The ITE Law is designed with the intention of regulating information and electronic transactions, and mitigating the adverse effects of technological advancements, notably cybercrimes. These crimes often exploit technological progress in Information Technology and Electronics (ITE), threatening the legal interests of individuals, communities, and the state [15].

In the realm of academic research, prior studies have addressed the application of text mining to the ITE Law. For instance, a study conducted by Saputra et al. [16] employed the Latent Semantic Indexing (LSI) method to locate articles concerning the ITE Law in cybercrime cases. This approach yielded an accuracy result of 83.33% for recall, 50% for precision, and 62.5% for f-measure. Another research endeavor by Hakim et al. [17] explored the clustering of cybercrime cases under the ITE Law, utilizing the k-means algorithm to classify the cases into five distinct clusters.

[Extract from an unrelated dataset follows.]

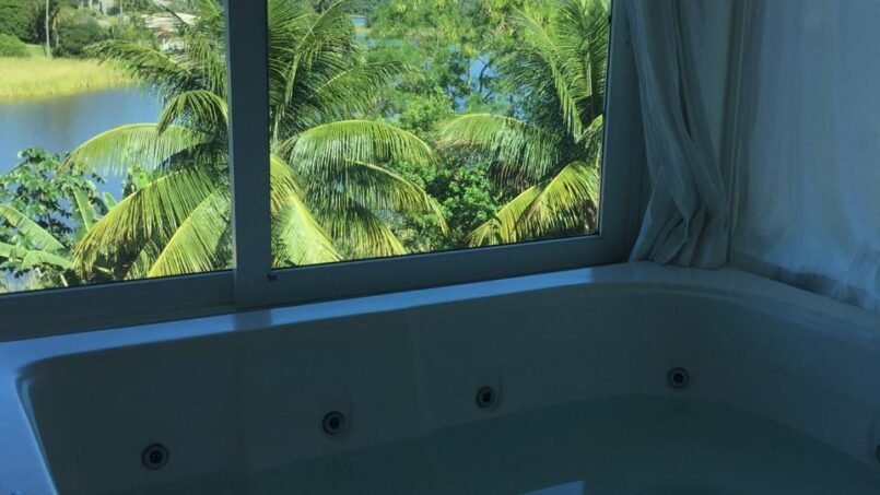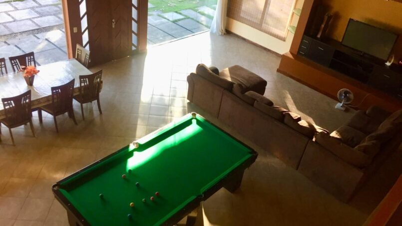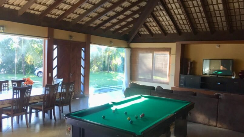 Com 1.500 m² de área construída em meio à natureza, a mansão também oferece garagem para até 8 carros, home theater e quitinete nos fundos da casa. Além disso, está a apenas 5 km do centro de Guarapari, e perto da Pedreira, onde acontecem shows e esportes radicais. Portanto, a Mansão Lagoa Mãe-Bá é o lugar perfeito para quem busca luxo, conforto e contato direto com a natureza.

Numerous studies have employed machine learning methods for classification tasks. For instance, a study by Yıldırım et al. [18] aimed at classifying breaking news on financial portals was conducted. Data for this research were collected from the Dow Jones news portal spanning from 2013 to 2017, comprising 10,000 headline news items and 10,000 non-headline news items. An accuracy of 95.5% was achieved in this study. Further research by Zheng et al. [19] involved the identification of email authors using Support Vector Machine (SVM) and the Analytic Hierarchy Process (AHP). The researchers applied TF-IDF for weighting and AHP to determine the weights of the elements, while SVM was used for classification. The study reported an accuracy of 95%. Meanwhile, Celine et al. focused on classifying Turkish language texts [20]. This research utilized doc2vec to create the model and TF-IDF for word weighting. The classification process involved several methods, including SVM, KNN, CC, and CFSVM. The combination of SVM and TF-IDF, with a split of 99% training data and 1% testing data, yielded the highest accuracy of 94.17%. In another study, Shill and Paul [21] conducted sentiment analysis on product reviews for watches in 2016. The researchers used mutual information for feature selection and the multinomial naive Bayes algorithm for data classification, achieving an accuracy of 88.54%.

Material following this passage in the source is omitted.